Keep each entry exactly as written when you repeat it, and skip the images.

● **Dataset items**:
* * * * * * * * *
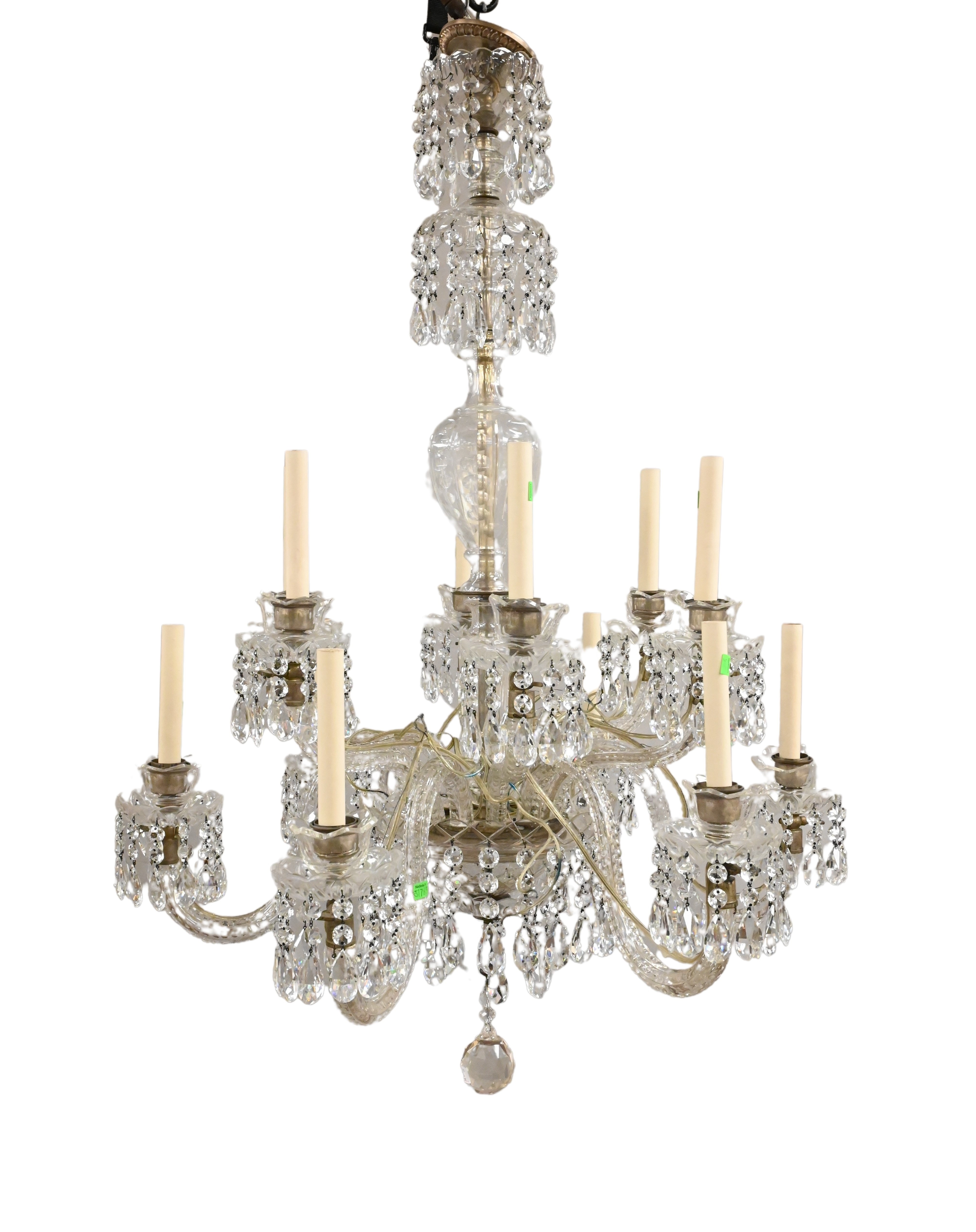 Condition: presents well, two prisms missing, chips to base, tarnish to silver
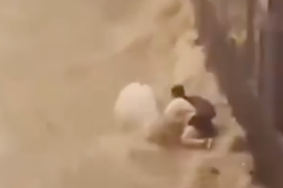 【14:05:00】 9月7日晚,广东沿岸遭暴雨袭击,香港天文台发出黑色暴雨警告。一名女子在过马路时被路面急流冲倒,画面十分凶险。
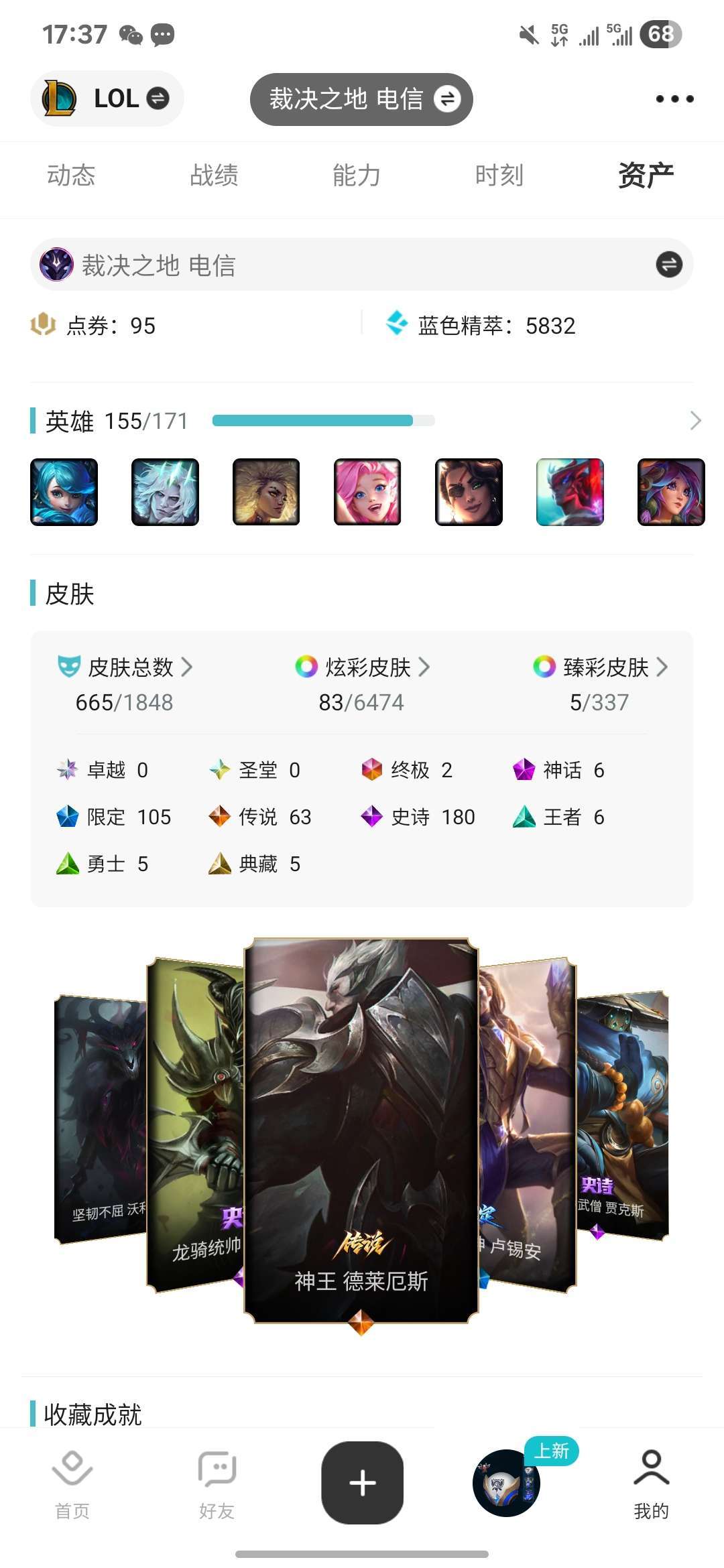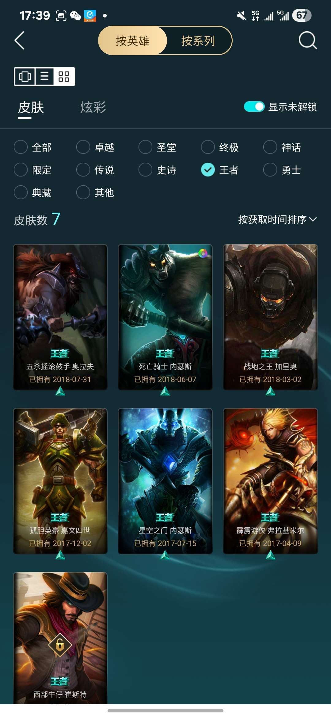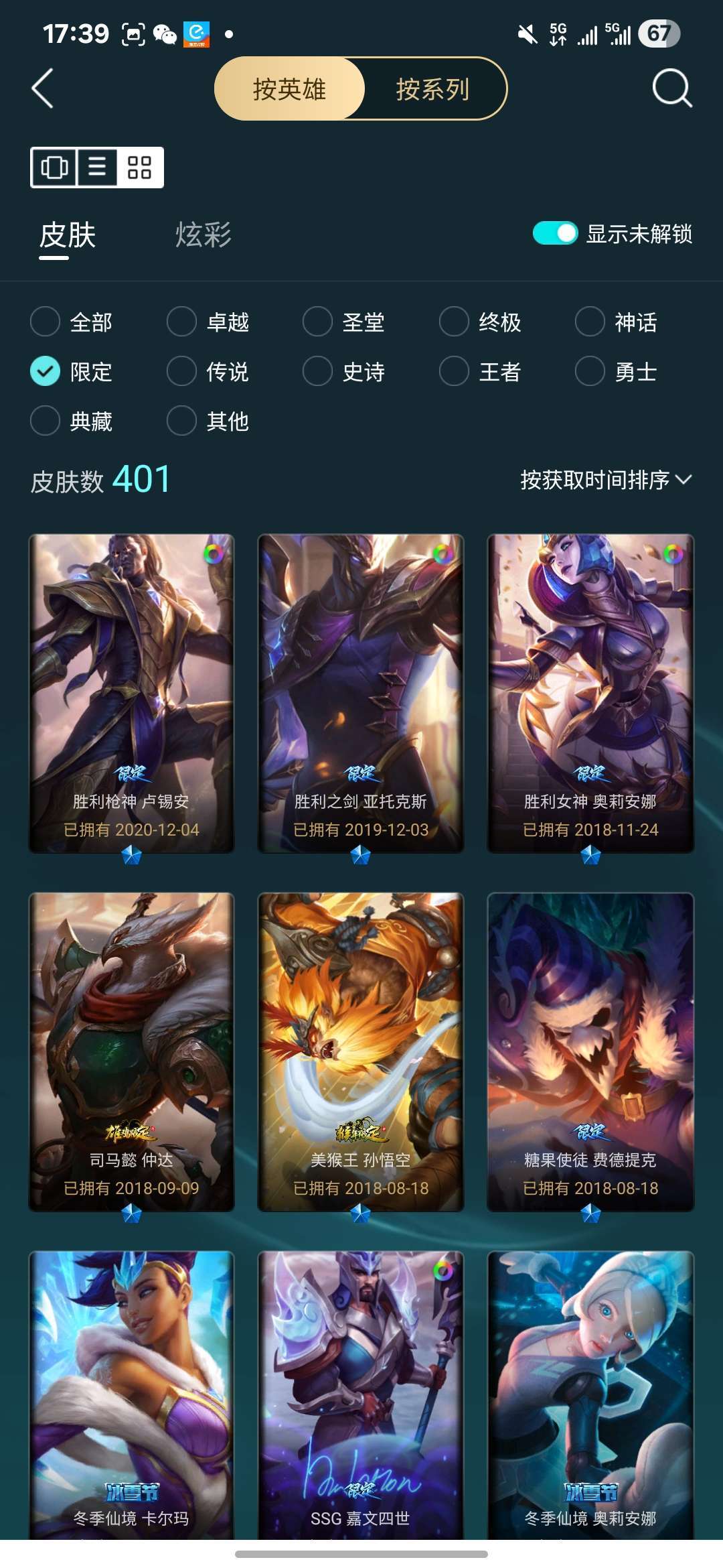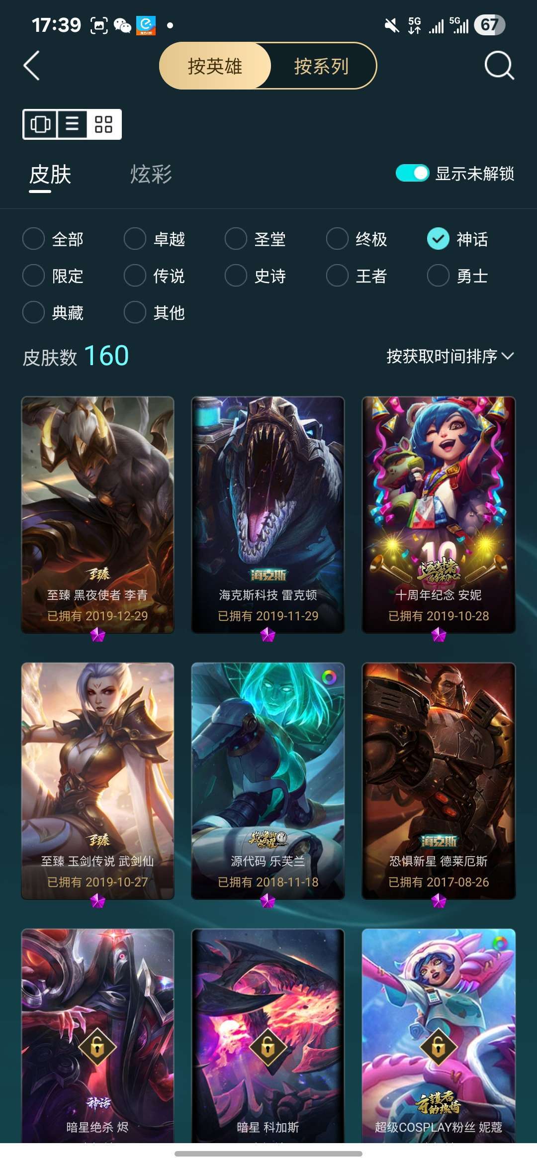 2终级6神话105限定63传说180史诗6王者5勇士5典藏293其他
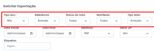 No campo “Tipo doc.”, escolha o tipo de nota que deseja exportar:
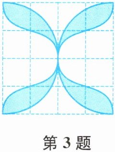 3. 如图,在边长为1的正方形网格中,“x状”图案(阴影部分)是由半径分别为1和2,圆心在格点上的两种弧围成的,则阴影部分的面积是
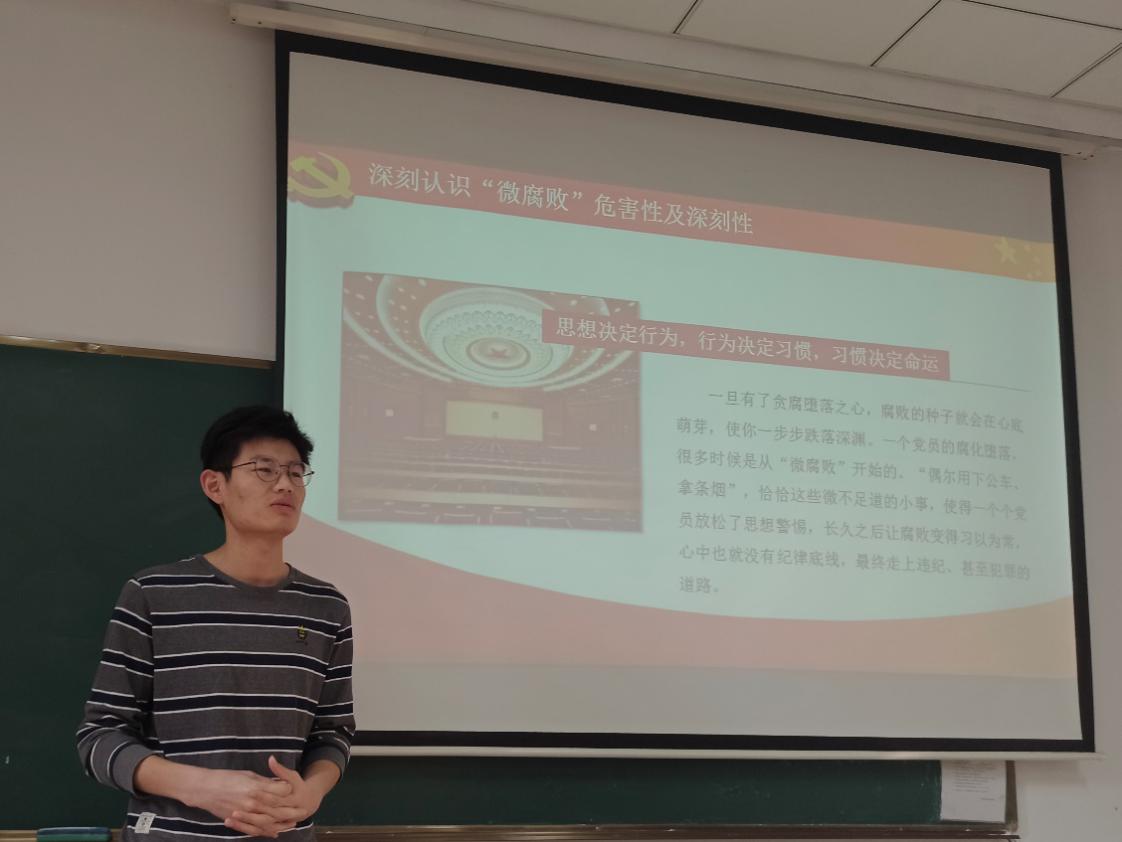 在廉洁教育活动环节,党支部组织委员兼纪检委员刘洋以“坚守廉洁心 杜绝微腐败”为主题,从“微腐败”的角度出发,结合现实案例,提醒大家不忘初心、严于律己,做一名合格的共产党员。他表明“微腐败”与“巨腐败”都是一样,都是侵害老百姓利益、侵吞国有财产、害己害民害国的行为,“微腐败”也不比“巨腐败”小,都是对党和政府公权的践踏、对党和政府公信力的破坏。同时刘洋同志提醒大家作为学生党员,要做到“勿以善小而不为,勿以恶小而为之”,一定要认真对待“微腐败”,时刻保持警惕性,绝不能放任自己、放纵自己。
* * * * * * * * *
● **WRITTEN RESPONSE**:
 Condition: presents well, two prisms missing, chips to base, tarnish to silver
 【14:05:00】 9月7日晚,广东沿岸遭暴雨袭击,香港天文台发出黑色暴雨警告。一名女子在过马路时被路面急流冲倒,画面十分凶险。
 2终级6神话105限定63传说180史诗6王者5勇士5典藏293其他
 No campo “Tipo doc.”, escolha o tipo de nota que deseja exportar:
 3. 如图,在边长为1的正方形网格中,“x状”图案(阴影部分)是由半径分别为1和2,圆心在格点上的两种弧围成的,则阴影部分的面积是
 在廉洁教育活动环节,党支部组织委员兼纪检委员刘洋以“坚守廉洁心 杜绝微腐败”为主题,从“微腐败”的角度出发,结合现实案例,提醒大家不忘初心、严于律己,做一名合格的共产党员。他表明“微腐败”与“巨腐败”都是一样,都是侵害老百姓利益、侵吞国有财产、害己害民害国的行为,“微腐败”也不比“巨腐败”小,都是对党和政府公权的践踏、对党和政府公信力的破坏。同时刘洋同志提醒大家作为学生党员,要做到“勿以善小而不为,勿以恶小而为之”,一定要认真对待“微腐败”,时刻保持警惕性,绝不能放任自己、放纵自己。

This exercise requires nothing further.